None of this is meant to imply that Sam Clovis did anything illegal in switching sides. (Although, I firmly believe that it is far more likely that Trump’s campaign will end because of something that comes out of Trump’s wallet, rather than something that comes out of his mouth.) Regardless of whether you have an R or a D behind your name, if you believe that fighting for your convictions is an important part of politics, Clovis’ defection from the Perry campaign is troubling.

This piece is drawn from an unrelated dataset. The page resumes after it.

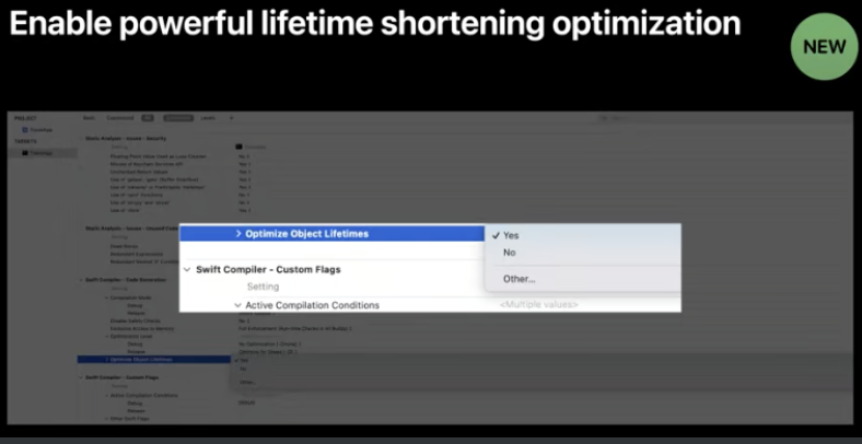 Xcode13을 사용하면 Swift컴파일러에서 build setting에 "Optimize Object Lifetimes"라는 새로운 경험을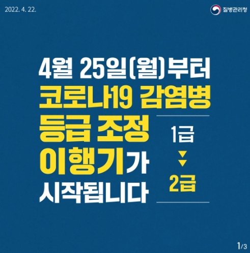 [한국쇼핑몰뉴스, 최영진기자] 4월 25일(월)부터 코로나19 감염병 등급이 1급에서 2급으로 조정 이행기가 시작됩니다.

I think you can divide extreme conservatives into two groups. You have Republicans whose conservative ideals seem sincerely held. I put Rick Santorum, Mike Huckabee, and Bobby Jindal into that group. Although I disagree with them on almost everything, I assume that their political positions stem from deeply held personal beliefs. Then you have those Republicans who are just putting on show, adopting whatever extreme position will pave their way towards power. I think Ted Cruz and Donald Trump exemplify this type of conservative showmen. (Don’t forget that Donald’s real entry into politics came through the horrible, but headline grabbing, birther movement.)
Having spent my life in Northwest Iowa and having seen Sam Clovis speak innumerable times, I would have put Sam Clovis in the former group. Although I disagree with his positions, and have at times mocked the persona he adopted for political events, I never suspected that Clovis’ beliefs were disingenuous. I thought he was a movement conservative, deeply religious and inspired by his military past. Clearly, I was wrong. Regardless of whether Trump is a legitimate candidate or a true force to challenge the Washington establishment, an ideological conservative he is not. In endorsing Trump, Clovis has cheapened his own image and called into the question the sincerity of all future political endorsements. I honestly thought better of him.